Кристофера, как видно, эта новость не порадовала.
— В чем я еще провинился? Она не сказала? Была расстроена?
— Нет, не сказала. И расстроена не была. Вы же знаете, Кэтлин никогда не бывает особенно веселой. Наверно, какие-нибудь пустяки. Вы не тревожьтесь.
— Ну-ну. «Вперед, друзья, на приступ, все за мной». [17]
Городской дом тети Миллисент выглядел, по словам Хильды, «вполне прилично для Дублина». Он выходил «двойным фасадом» на Верхнюю Маунт-стрит, был намного шире, чем дом на Блессингтон-стрит, но по архитектуре на него похож.
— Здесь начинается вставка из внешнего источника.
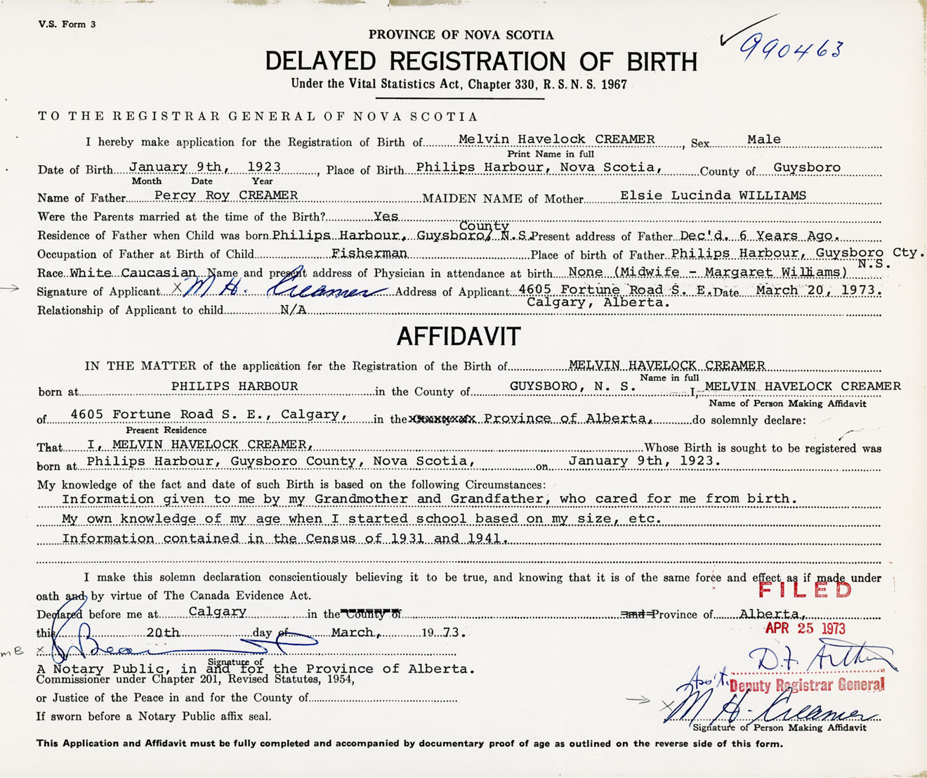 I hereby make application for the Registration of Birth of Melvin HavelockCreamer Sex Male

В водянистом солнечном свете кирпичные фасады Верхней Маунт-стрит отливали ржаво-розовым и желтым, только дом Милли да еще два-три были обрызганы модным в то время красным порошком, а швы между кирпичами прочерчены черным. Осевшие, чисто вымытые ступени парадного крыльца тоже красные — в тон всему дому. Дверь, увенчанная горделивым полукруглым окном, только что была покрашена в ярко-розовый цвет, дверной молоток в форме рыбы гладко отполирован до блеска, как ступня Святого Петра в Риме, а во всех сверкающих окнах пенились белые кружевные занавески, подхваченные ровными фестонами. Чуть подальше, в конце улицы, в чистое голубое небо поднимался нарядный зеленый купол протестантской церкви Святого Стефана. Длинные, зеленые с медным отливом полосы тянулись по светло-серому камню колокольни, цепляясь за большие часы, на которых как раз било четыре. Их характерный высокий надтреснутый голос отозвался в сердце Эндрю печально и властно, напомнив ему строгую, пустую внутренность церкви, куда его иногда водили молиться в детстве, если только участие в этих сухих, прозаических обрядах можно было назвать молитвой.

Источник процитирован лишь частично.